A Target-Rich Environment

Guided pathways with multiple destinations.


October 13, 2016

I’ve been struggling with the details of a guided pathways concept lately for a really basic reason that I’m guessing many others struggle with, too. I’m hoping that someone has found a reasonably smart way to handle it.

Maricopa Community College has been able to implement guided pathways relatively cleanly, in part because the overwhelming majority of its students who go on for bachelor’s degrees go to the same place (Arizona State). With a single target at which to aim, it’s easy to know where the pathways should go. I don’t mean to minimize the work involved in constructing the pathways, or the usefulness of the achievement, but it’s easier to hit one target than to hit several.

My own college has the mixed blessing of being in a relatively target-rich environment. On the upside, that means we have more options to offer students. It also tends to correlate with more highly educated populations, as it does here. But a target-rich setting has challenges of its own. The most basic one, of course, is competition for students.
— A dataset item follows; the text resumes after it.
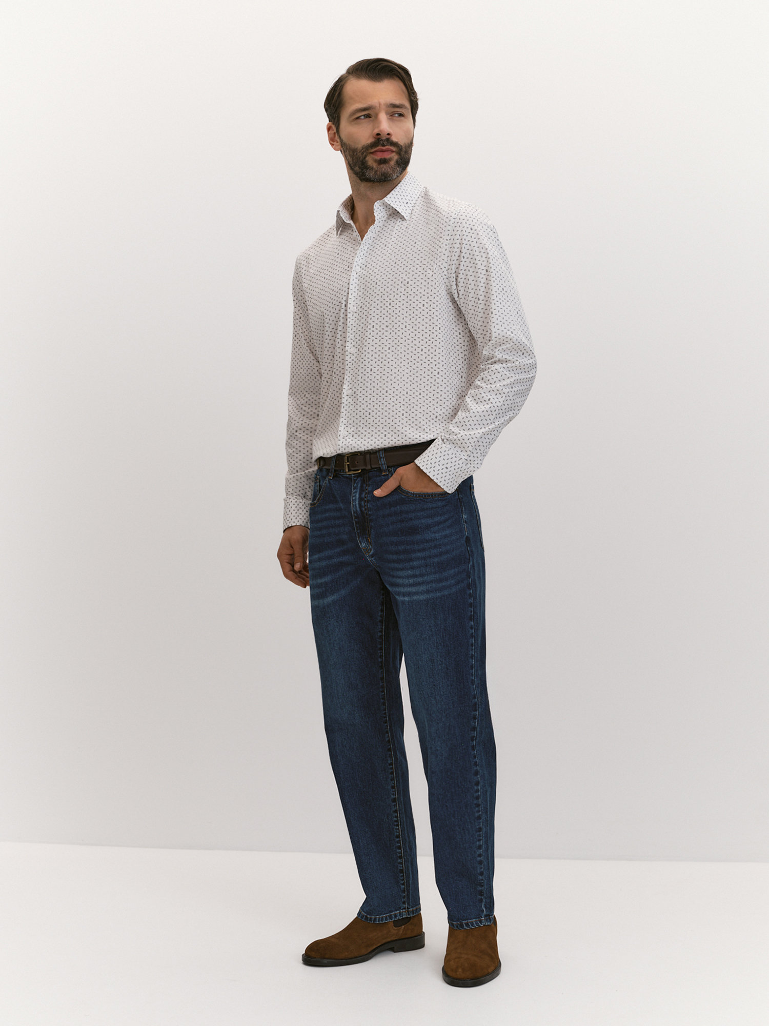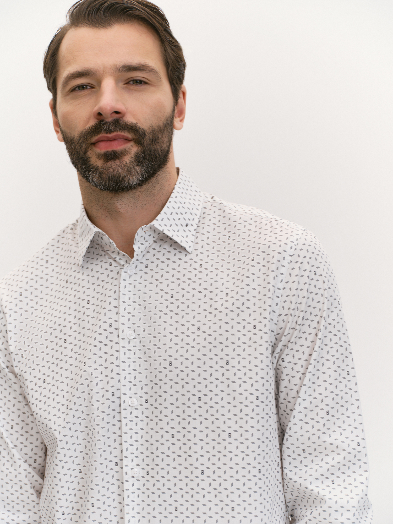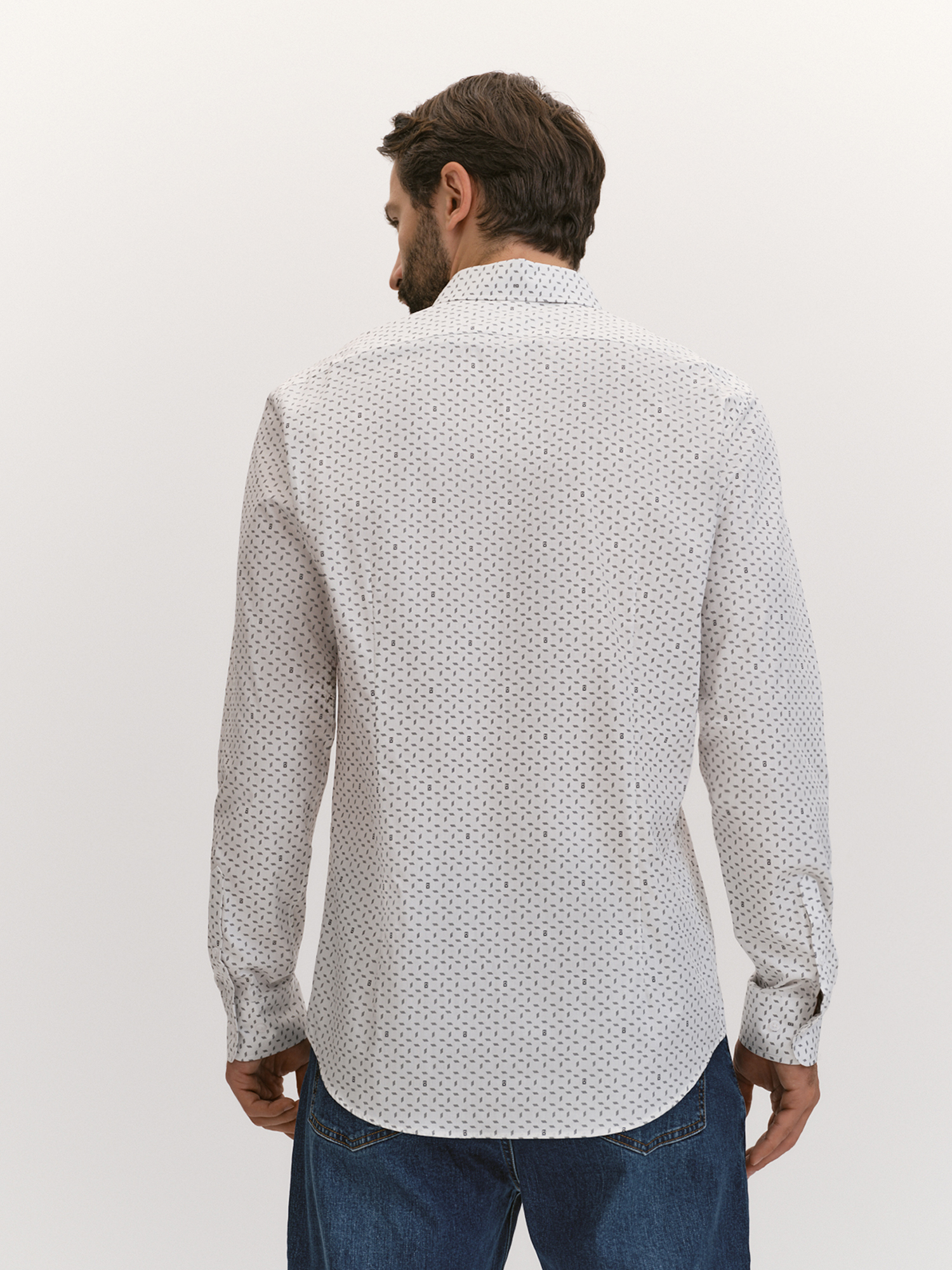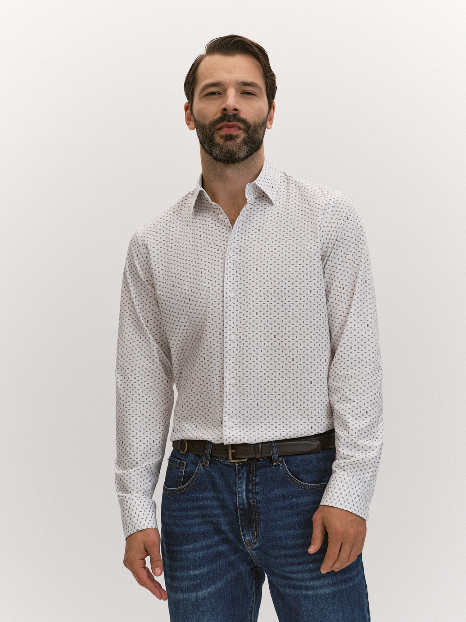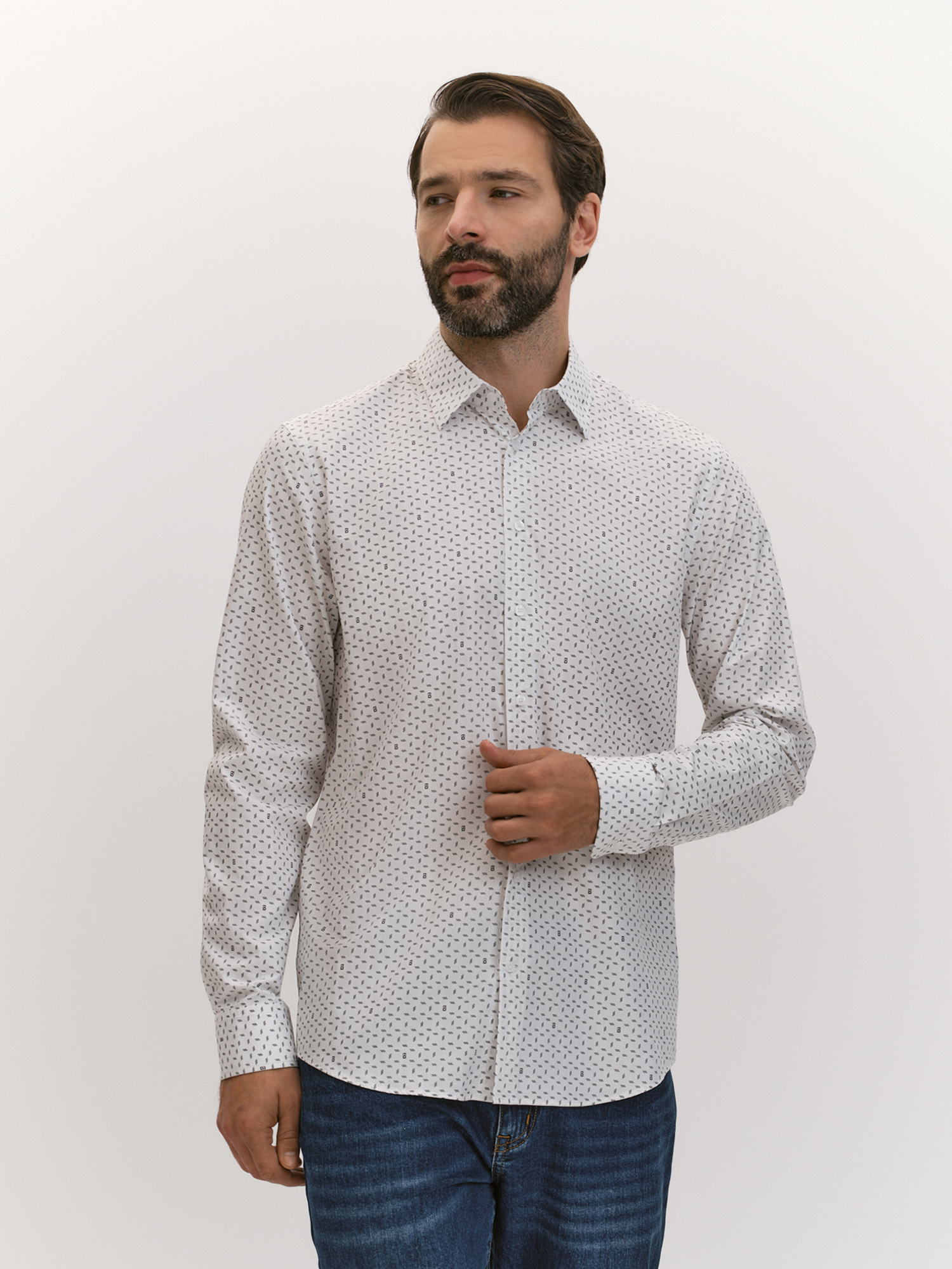 Выбрали для рубашки прилегающего силуэта slim премиальную хлопковую ткань производства Турции. Хлопок гипоаллергенен, хорошо дышит, удобен в эксплуатации и не требует дополнительного ухода. Привлекает внимание деликатный брендированный принт на белом фоне. Как крупные производители одежды, мы имеем возможность заказывать ткань с дизайнерским принтом и гордимся этим преимуществом. Прилегающий силуэт рубашки обеспечивается вертикальными вытачками, кокетка на спине гарантирует правильную посадку по плечам. Ахроматические белый и черный не подчиняются никаким правилам сочетания цветов, а потому рубашка универсальна и подойдет для офиса, вечеринки, праздника, прогулки.

As the number of 18 year olds in the area declines, that competition is getting fiercer. For purposes of guided pathways, though, the issue is complexity. A pathway implies a destination, and the entire point of the guided pathways approach is clarity. With multiple destinations that disagree with each other on admissions and transfer requirements, it’s much harder to achieve that simplicity.

Some states handle the issue by having a relatively prescriptive (or dictatorial, if you prefer) state system. I’m told that Florida does that, for example. The advantage of a state system is that it can mandate consistency across campuses. If every public college and university in the state defines the same majors by the same courses -- even using the same course numbers -- then you can build pathways without worrying overly much about whether students are transferring more to Northern Campus or Eastern Campus.  

But we don’t have that. Each public college here sets its own course numbers, course descriptions, and definitions of majors. (To be fair, there is some statewide coordination of general education requirements, which helps.) Rutgers alone has several campuses that operate separately from each other, and that define the same degree differently. And that’s before counting the private colleges, which are more common in the Northeast than in much of the country, and which can each set their own policies.  

Two community colleges in New Jersey solved the dilemma by merging with a single public university.  One of them, Rowan at Burlington, has gone so far as to ban other four-year colleges from coming to campus to recruit. The merits of that strategy are debatable, and that debate is for another day. But for a college like mine that wants to give its students more options for transfer, the question stands.

One option is to build a separate pathway for each destination school. That’s de facto what we’ve done over the years. University A requires U.S. History for its Psych program, but College B requires World History. One has a foreign language requirement, others don’t. Addressing each destination school separately is labor-intensive and complicated, and it tends to defeat the simplicity that’s the selling point of guided pathways.  

Another is to default to the most rigorous destination school. That’s better, to the degree that it simplifies things and ensures that students will be well-prepared. But sometimes the differences aren’t really a matter of rigor; they’re just differences. And forcing our own students to meet higher standards than their destination schools do can wind up being exclusionary, often along the usual demographic lines. That defeats our mission.

We could try to bend the destination schools to fit us, but there are obvious political limits to that. Any system that involves giving up autonomy tends to fall prey to the “you first” problem. Massachusetts convened some statewide meetings across sectors, calling together faculty by discipline to harmonize curricula that way. It was a bold and clever step; we haven’t done that here.

Wise and worldly readers, have you seen a reasonably elegant solution to the dilemma of trying to build simple and clear guided pathways in a decentralized, target-rich environment?